[Work item]: Reproduce verbatim the lines of the material below, starting at the line with "Mantel de ecocuer" and ending at the line with "A photograph captures", both inclusive; skip the rest.

[Material shown]:

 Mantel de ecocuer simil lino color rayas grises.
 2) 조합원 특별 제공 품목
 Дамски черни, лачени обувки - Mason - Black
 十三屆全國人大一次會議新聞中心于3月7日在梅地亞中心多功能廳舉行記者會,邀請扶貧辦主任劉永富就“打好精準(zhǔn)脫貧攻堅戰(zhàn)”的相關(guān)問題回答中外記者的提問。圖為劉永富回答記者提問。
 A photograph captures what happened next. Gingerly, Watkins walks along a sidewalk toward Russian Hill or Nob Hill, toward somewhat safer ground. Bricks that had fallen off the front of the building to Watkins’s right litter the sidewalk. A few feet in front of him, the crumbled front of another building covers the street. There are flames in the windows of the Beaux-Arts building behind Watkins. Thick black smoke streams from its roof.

==

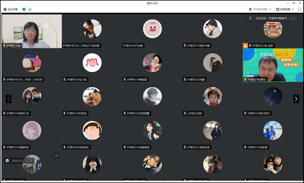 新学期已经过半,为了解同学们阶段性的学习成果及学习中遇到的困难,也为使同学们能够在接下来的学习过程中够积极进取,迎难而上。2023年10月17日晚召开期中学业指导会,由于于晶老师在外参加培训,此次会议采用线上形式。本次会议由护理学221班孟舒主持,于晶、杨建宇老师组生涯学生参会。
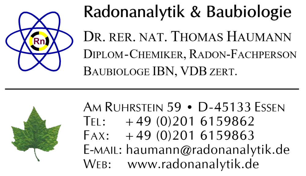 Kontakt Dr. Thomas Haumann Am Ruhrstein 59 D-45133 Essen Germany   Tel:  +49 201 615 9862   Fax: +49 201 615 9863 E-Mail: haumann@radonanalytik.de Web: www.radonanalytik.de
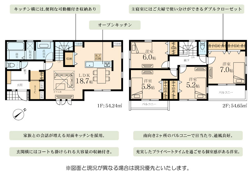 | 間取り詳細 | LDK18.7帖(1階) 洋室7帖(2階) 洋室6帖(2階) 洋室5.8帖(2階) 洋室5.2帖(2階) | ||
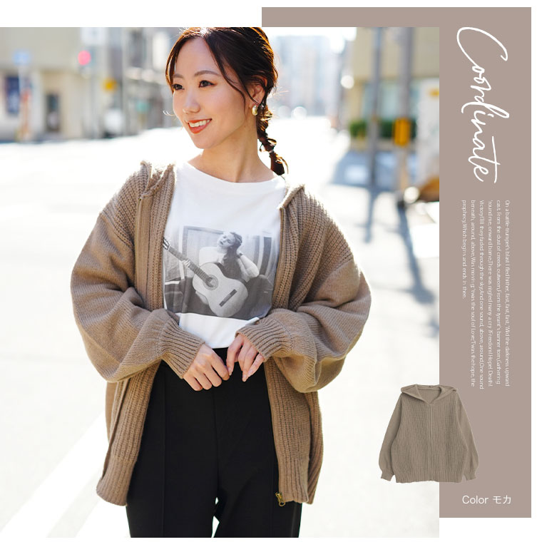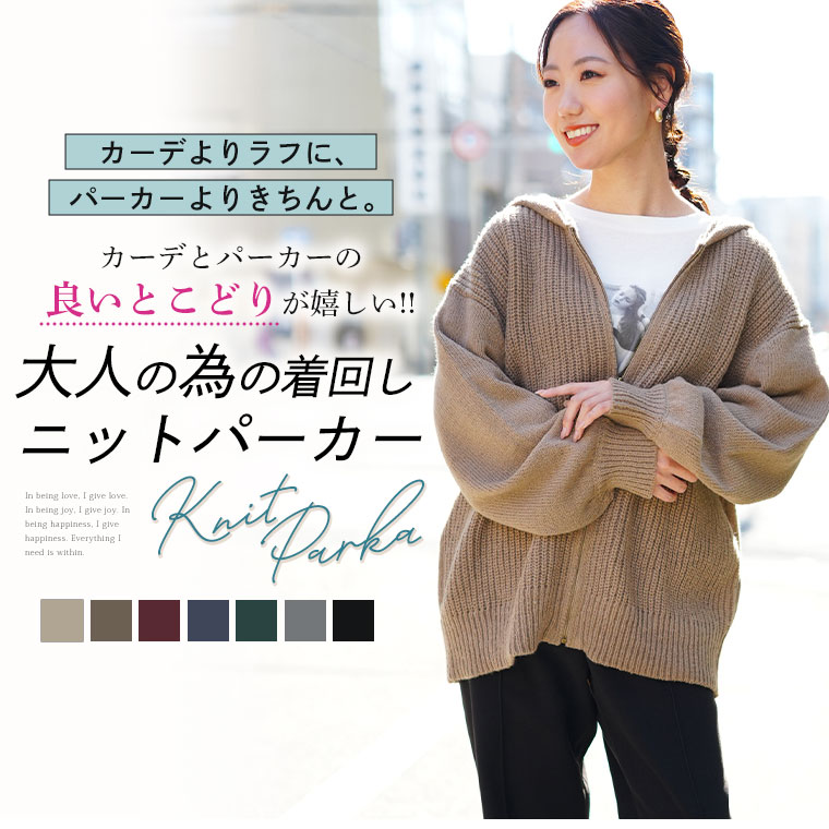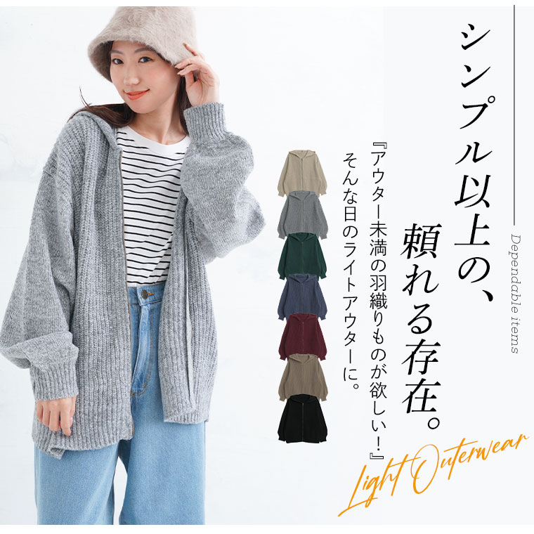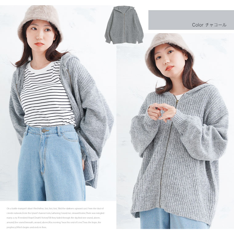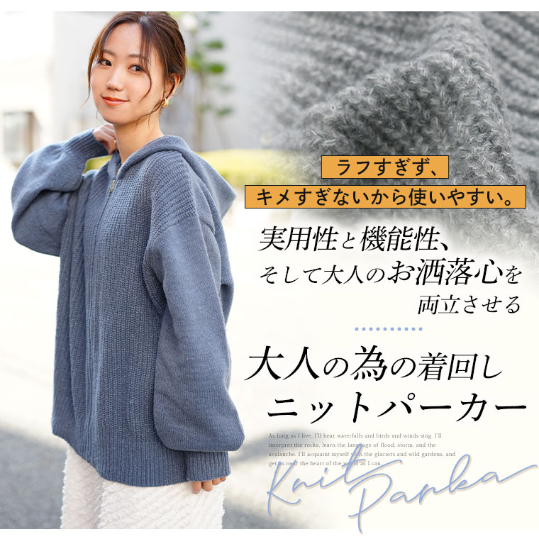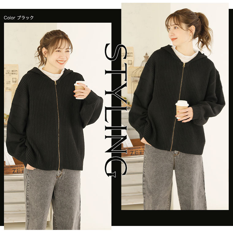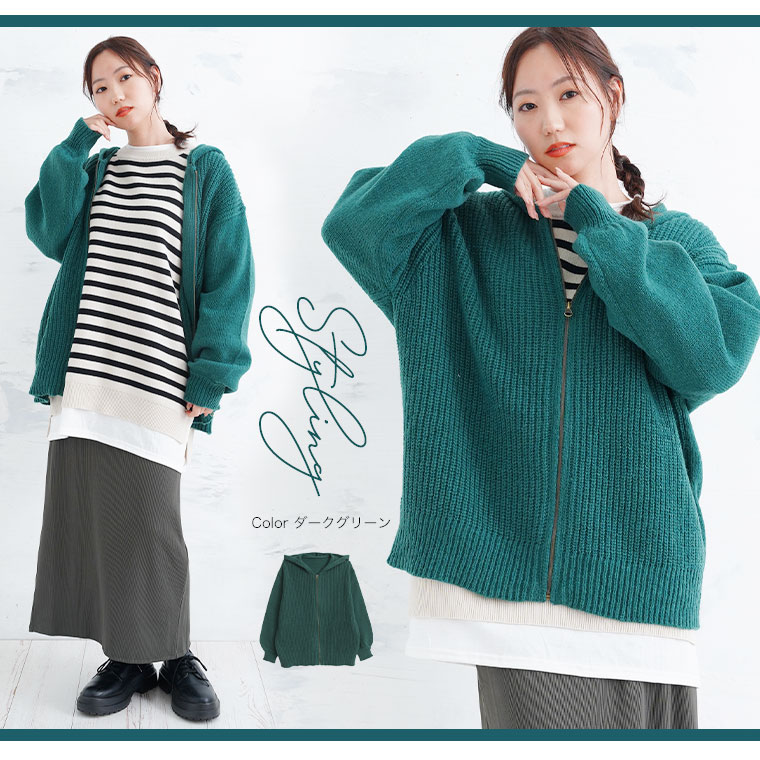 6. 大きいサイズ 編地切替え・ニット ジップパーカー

---

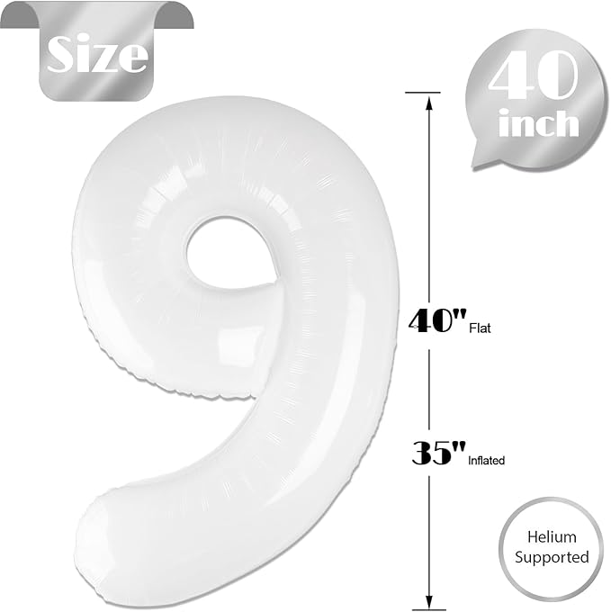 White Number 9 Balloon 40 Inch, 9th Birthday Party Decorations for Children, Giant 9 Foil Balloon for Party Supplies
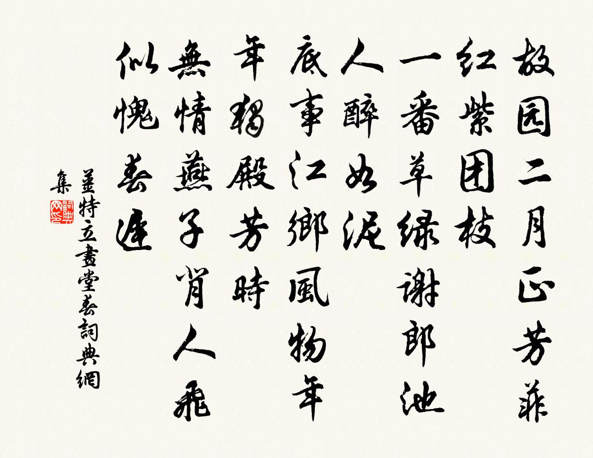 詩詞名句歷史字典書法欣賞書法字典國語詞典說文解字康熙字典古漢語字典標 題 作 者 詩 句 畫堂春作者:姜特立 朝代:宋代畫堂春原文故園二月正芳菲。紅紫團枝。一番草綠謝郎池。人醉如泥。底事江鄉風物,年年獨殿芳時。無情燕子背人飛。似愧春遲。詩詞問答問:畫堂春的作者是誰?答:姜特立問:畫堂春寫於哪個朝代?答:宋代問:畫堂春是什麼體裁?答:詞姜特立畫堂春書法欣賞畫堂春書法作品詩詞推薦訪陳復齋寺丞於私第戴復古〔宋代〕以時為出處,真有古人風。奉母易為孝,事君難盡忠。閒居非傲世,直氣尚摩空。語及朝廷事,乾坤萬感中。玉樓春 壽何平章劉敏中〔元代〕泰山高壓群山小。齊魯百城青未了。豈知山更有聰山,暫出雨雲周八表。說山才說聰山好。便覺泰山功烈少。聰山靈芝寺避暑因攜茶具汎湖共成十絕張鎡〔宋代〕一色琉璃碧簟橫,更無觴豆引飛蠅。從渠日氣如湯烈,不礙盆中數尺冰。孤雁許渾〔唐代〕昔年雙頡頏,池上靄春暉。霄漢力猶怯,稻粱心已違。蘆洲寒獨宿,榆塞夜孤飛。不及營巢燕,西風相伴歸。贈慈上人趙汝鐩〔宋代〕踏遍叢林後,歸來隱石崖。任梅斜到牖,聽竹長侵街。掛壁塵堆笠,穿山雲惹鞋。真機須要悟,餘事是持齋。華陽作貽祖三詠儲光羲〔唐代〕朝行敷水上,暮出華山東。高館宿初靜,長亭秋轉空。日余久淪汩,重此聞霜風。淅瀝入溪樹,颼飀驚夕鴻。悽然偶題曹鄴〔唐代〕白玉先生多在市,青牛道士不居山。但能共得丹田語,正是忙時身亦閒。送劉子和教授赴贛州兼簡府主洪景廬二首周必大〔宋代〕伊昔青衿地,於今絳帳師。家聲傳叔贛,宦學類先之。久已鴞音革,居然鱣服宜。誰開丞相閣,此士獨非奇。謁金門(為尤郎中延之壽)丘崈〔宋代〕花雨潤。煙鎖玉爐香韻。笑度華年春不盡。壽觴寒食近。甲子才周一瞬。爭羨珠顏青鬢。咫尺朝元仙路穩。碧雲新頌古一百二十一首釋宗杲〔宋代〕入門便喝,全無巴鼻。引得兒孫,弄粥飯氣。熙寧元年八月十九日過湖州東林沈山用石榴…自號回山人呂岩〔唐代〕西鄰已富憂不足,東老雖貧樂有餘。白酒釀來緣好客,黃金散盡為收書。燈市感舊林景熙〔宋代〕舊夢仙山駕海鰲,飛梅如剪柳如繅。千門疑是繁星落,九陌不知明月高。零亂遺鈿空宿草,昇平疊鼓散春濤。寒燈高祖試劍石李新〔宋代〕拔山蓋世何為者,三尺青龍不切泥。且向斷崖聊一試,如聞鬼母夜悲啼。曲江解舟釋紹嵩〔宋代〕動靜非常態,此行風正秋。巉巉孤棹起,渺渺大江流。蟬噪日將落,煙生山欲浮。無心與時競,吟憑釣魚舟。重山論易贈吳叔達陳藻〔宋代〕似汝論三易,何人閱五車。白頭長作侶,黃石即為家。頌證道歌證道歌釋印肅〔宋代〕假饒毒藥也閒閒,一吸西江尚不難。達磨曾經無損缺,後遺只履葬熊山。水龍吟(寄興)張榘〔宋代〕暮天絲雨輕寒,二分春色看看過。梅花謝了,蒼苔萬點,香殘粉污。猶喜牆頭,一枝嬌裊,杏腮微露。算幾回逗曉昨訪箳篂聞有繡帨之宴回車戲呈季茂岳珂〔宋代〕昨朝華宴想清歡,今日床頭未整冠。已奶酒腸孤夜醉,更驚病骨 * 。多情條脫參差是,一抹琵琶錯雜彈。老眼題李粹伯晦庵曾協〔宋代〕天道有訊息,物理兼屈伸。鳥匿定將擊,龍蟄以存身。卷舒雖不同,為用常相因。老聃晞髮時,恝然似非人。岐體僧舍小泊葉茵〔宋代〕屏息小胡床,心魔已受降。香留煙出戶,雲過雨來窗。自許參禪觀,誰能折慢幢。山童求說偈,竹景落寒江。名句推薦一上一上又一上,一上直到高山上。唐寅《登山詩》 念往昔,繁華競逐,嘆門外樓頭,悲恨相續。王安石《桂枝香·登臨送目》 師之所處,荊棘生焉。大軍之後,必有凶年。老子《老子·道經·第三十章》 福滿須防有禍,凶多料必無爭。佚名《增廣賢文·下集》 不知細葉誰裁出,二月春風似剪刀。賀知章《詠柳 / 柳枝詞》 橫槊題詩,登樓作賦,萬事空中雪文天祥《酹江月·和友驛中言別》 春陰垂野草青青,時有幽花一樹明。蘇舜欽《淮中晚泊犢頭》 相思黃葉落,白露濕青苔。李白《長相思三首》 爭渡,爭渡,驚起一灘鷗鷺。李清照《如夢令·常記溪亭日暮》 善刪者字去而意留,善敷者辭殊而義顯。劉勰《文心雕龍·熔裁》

[Response box]:
 Mantel de ecocuer simil lino color rayas grises.
 2) 조합원 특별 제공 품목
 Дамски черни, лачени обувки - Mason - Black
 十三屆全國人大一次會議新聞中心于3月7日在梅地亞中心多功能廳舉行記者會,邀請扶貧辦主任劉永富就“打好精準(zhǔn)脫貧攻堅戰(zhàn)”的相關(guān)問題回答中外記者的提問。圖為劉永富回答記者提問。
 A photograph captures what happened next. Gingerly, Watkins walks along a sidewalk toward Russian Hill or Nob Hill, toward somewhat safer ground. Bricks that had fallen off the front of the building to Watkins’s right litter the sidewalk. A few feet in front of him, the crumbled front of another building covers the street. There are flames in the windows of the Beaux-Arts building behind Watkins. Thick black smoke streams from its roof.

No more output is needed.